[[ Data extract, beginning ]]
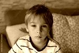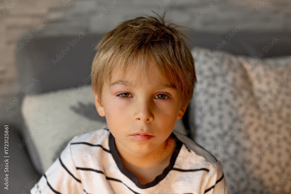 Preschool child, sweet boy with alergic reaction and swollen eye from bite
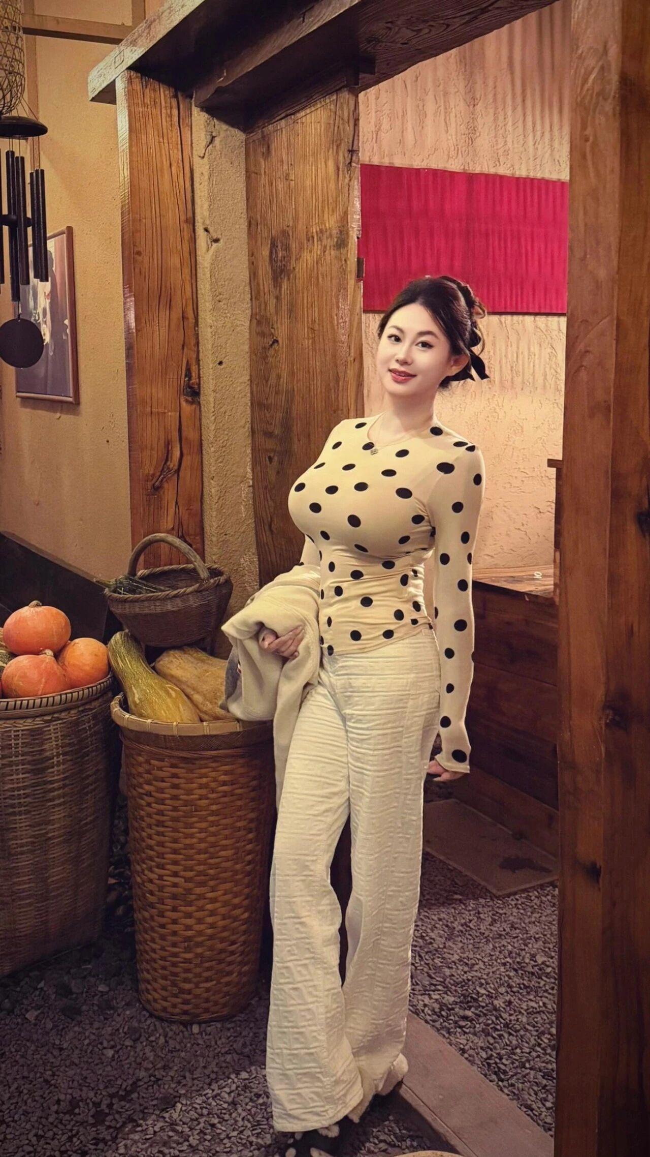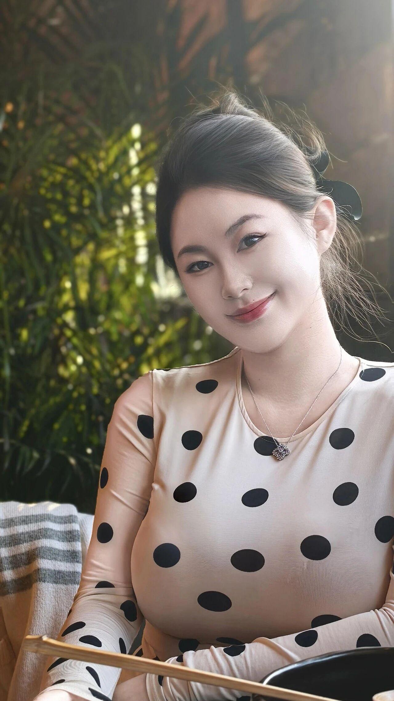 暮春的薄阳透过玻璃幕墙,在米白桌布上织出菱形光斑。她指尖轻叩骨瓷杯沿,黑色波点从袖口蜿蜒至腕间,像一串凝固的夜露。茶汤腾起的热气漫过唇畔笑意,在睫毛上凝成细碎星子,连马尾辫垂落的发丝都沾着茉莉香。 手机屏幕在餐盘旁明明灭灭,映出半块抹茶慕斯的倒影。银勺斜倚在褶皱餐巾上,勺柄镌刻的玫瑰纹路与裙摆蕾丝遥相呼应。背景墙的龟背竹探出新叶,叶脉间流淌着吊灯洒落的蜜色光晕,将整个空间晕染成暖调的油画。 她忽然倾身向前,波点衬衫随着动作泛起涟漪,露出锁骨处若隐若现的银链。杯沿抵住下唇的刹那,邻座风铃叮咚作响,惊起悬在绿植间的光斑,纷纷坠入她晃动的茶汤。手机震动时,屏幕亮起全家福照片,未读消息的红点与盘中樱桃酱洇染出相似的艳色。 当侍应生添水的水柱划出银色弧线,她正用勺尖追逐盘底残存的糖霜。波点投影在瓷盘边缘,化作跳动的音符,应和着空调系统低吟的送风声。某片龟背竹的影子爬上裙裾,将白色短裙染成朦胧的翡翠色,而她的笑声早已融进氤氲茶香,成为这个午后最生动的注脚。
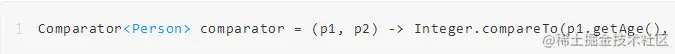-> 前面的()是Comparator接口中compare方法的参数列表,->后面则是compare方法的方法体。
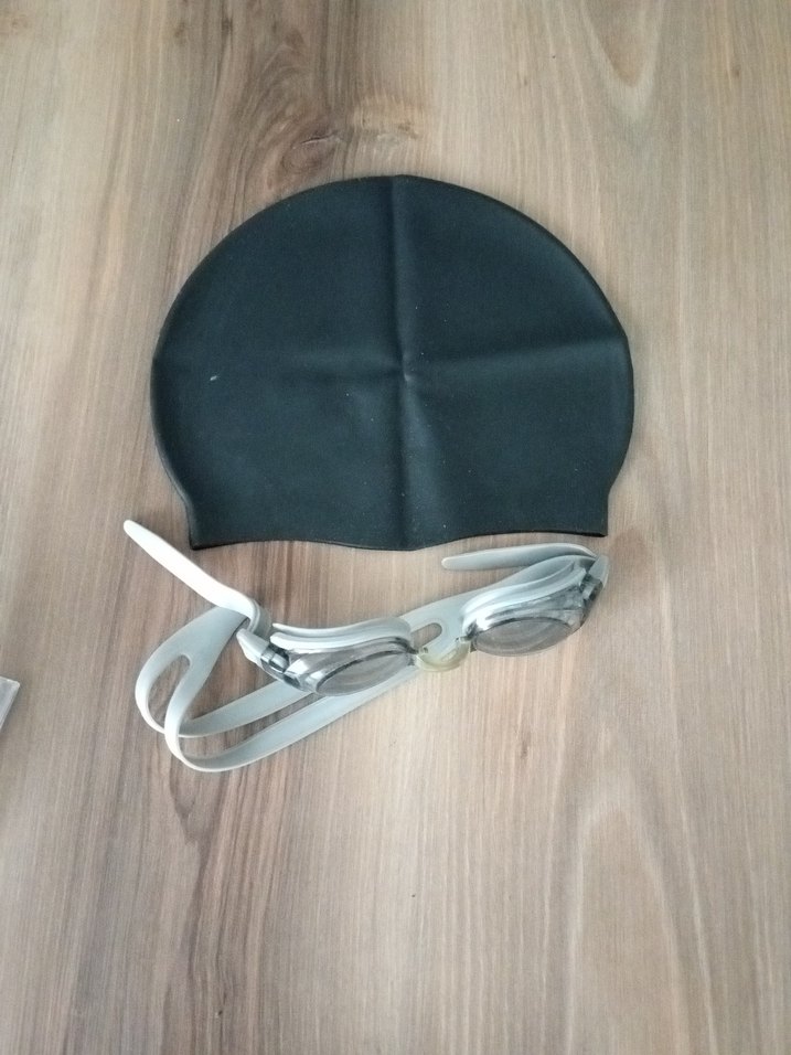Siyah yüzme bonesi ve elastik bantlı gri yüzme gözlüğü, sade ve sportif kullanım için uygun, vücuda oturan tasarım.
[[ Data extract, end ]]
Leaving the pictures out, transcribe word for word the lines from the one with "-> 前面的()是Compa" to the end of the material above, inclusive, and nothing else.

-> 前面的()是Comparator接口中compare方法的参数列表,->后面则是compare方法的方法体。
Siyah yüzme bonesi ve elastik bantlı gri yüzme gözlüğü, sade ve sportif kullanım için uygun, vücuda oturan tasarım.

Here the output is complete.